The pattern generalizes

Two specialized prompts, each focused on one transformation, connected by structured data. I’ve started to apply this to log parsing, document classification, or any problem where I need to extract structure from messy input.

Keep each prompt focused and testable. Provide rules, not structure. Be explicit. See x? Do y. When something breaks, you know exactly which step failed and can fix it without touching the rest of the system.

Why Local?

With the parsing system working well, the next question was where to run it. Cloud APIs are the obvious choice, but I have a lot of hardware and it brings me great joy to use it and to understand, at some fundamental level, how it all works.

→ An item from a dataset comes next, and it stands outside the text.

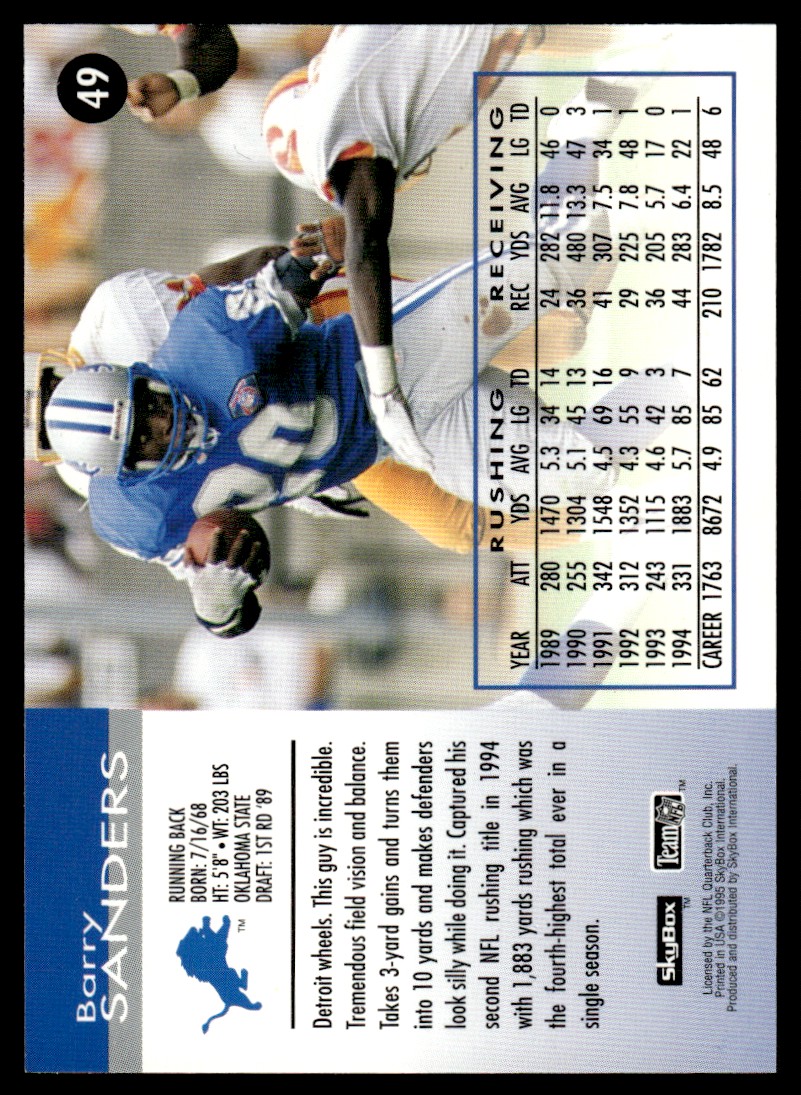 | 1995 SkyBox Impact Barry Sanders Detroit Lions #49 | ||||||||||||||||

Turns out, even low powered models do a fairly good job at this. Finding the right model was half of the fun. I tried low quality models like qwen3:0.6b, deepseek-r1:1.5b and medium quality models like dolphin3.

The machine the LLM inference was originally running on was running a NVIDIA GTX 970 and it worked.. slowly, and poorly. But it worked!

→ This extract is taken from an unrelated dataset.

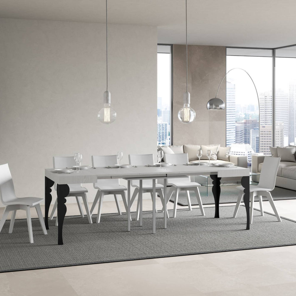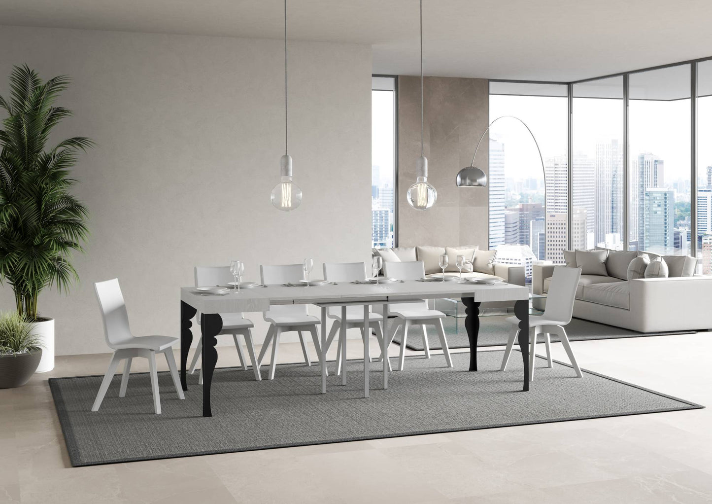 Tavolo allungabile Mira da 90 cm, dal design moderno dallo stile ricercato e stravagante, si adatta a qualsiasi stile di arredamento e si rivela la scelta ideale sia come tavolo da pranzo che come elemento d'arredo per il soggiorno, dove poter accogliere i propri ospiti con stile.Il tavolo allungabile Mira è in grado di estendersi progressivamente fino a 246 cm capace di ospitare 12 persone.Realizzato con pannelli in nobilitato, gambe in ferro, piano con lavorazione a Folding.Il sistema di estensione con guide telescopiche in alluminio rende il tavolo stabile e robusto anche se totalmente allungato, senza bisogno di ulteriori sostegni.Quando non utilizzate, le allunghe non trovano collocamento all’interno della struttura del tavolo e vanno quindi riposte altrove.Made in ItalyDimensioni:Tavolo chiuso: L.90 P.90 H.77 cmLunghezza con 1 allunga: 142 cmLunghezza con 2 allunghe: 194 cmLunghezza con 3 allunghe: 246 cm
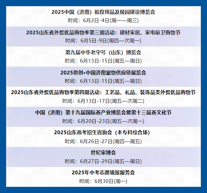 2025年6月山东国际会展中心展会日程表 2025-06-03 09:28:19 本站 网络 219 上一篇 2022年中东(迪拜)国际汽车零部件及售后服务展览会超百家中国企业亲临现场 下一篇 2025国际青年大会开幕,淄博友城40年“大放异彩”!

Upgrading the hardware a little bit solved a lot of problems:

• Zero latency once the model loads
• No API costs scaling with usage
• Complete privacy for your media collection
• Works offline
• Full control over the prompts and logic

Is that worth it? Who knows, but it’s fun and it works, so it’s good enough for me.

Conclusion

This project taught me that AI is exceptionally good at classification and pattern matching. I guess I shouldn’t be surprised, it’s literally what AI is. The structure of the prompt was the most enlightening.

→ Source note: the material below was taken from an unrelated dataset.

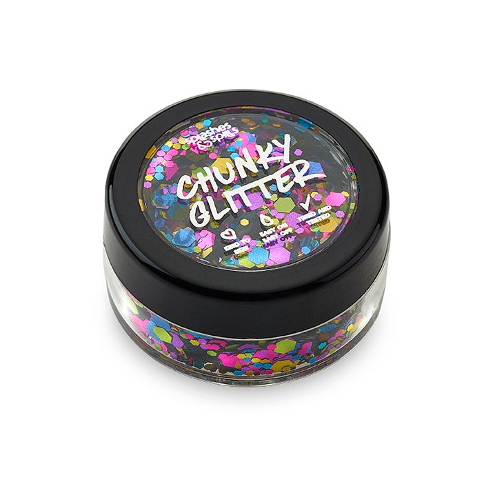 Pro Chunky glitter is the best vibrant accompaniment for every event. You will love using our range of chunky glitters for a range of creative occasions. We know that you will adore the selection of colors at your disposal and the ease in which you can apply the glitter to yourself, your friends and family. Our diverse range of vibrant colored chunky glitter allows you to let your creativity run wild and create eye-catching displays of shimmering artistry.

The real lesson isn’t about media management, it’s about recognizing where AI naturally excels. Classification problems that would take hundreds of lines of parsing logic can often be solved with clear examples and well-structured prompts. I’ve started looking for these patterns everywhere: log parsing, document classification, data extraction from messy inputs.

Sometimes the right tool makes a hard problem trivial.